= Beginning of Section =

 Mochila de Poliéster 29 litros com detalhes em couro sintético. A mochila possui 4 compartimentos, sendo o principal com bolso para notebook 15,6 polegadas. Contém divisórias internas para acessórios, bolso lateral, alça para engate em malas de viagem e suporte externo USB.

= End of Section =
= Beginning of Section =

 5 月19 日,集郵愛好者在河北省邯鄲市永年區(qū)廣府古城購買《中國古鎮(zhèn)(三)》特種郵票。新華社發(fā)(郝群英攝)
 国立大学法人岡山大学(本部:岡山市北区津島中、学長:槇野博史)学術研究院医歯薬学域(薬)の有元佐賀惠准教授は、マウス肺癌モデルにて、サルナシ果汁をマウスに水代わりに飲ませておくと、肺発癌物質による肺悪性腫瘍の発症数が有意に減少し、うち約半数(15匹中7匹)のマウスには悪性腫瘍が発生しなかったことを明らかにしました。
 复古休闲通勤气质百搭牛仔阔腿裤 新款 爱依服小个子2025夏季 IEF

= End of Section =
= Beginning of Section =

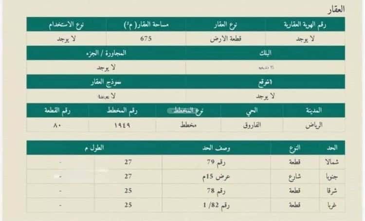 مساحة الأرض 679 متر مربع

= End of Section =

Copy out only the lines above from the one with "国立大学法人岡山大学(本部:岡山市北区津" to the one with "复古休闲通勤气质百搭牛仔阔腿裤 新款 爱依服小个子2025夏季 IEF", inclusive, exactly as they stand.

 国立大学法人岡山大学(本部:岡山市北区津島中、学長:槇野博史)学術研究院医歯薬学域(薬)の有元佐賀惠准教授は、マウス肺癌モデルにて、サルナシ果汁をマウスに水代わりに飲ませておくと、肺発癌物質による肺悪性腫瘍の発症数が有意に減少し、うち約半数(15匹中7匹)のマウスには悪性腫瘍が発生しなかったことを明らかにしました。
 复古休闲通勤气质百搭牛仔阔腿裤 新款 爱依服小个子2025夏季 IEF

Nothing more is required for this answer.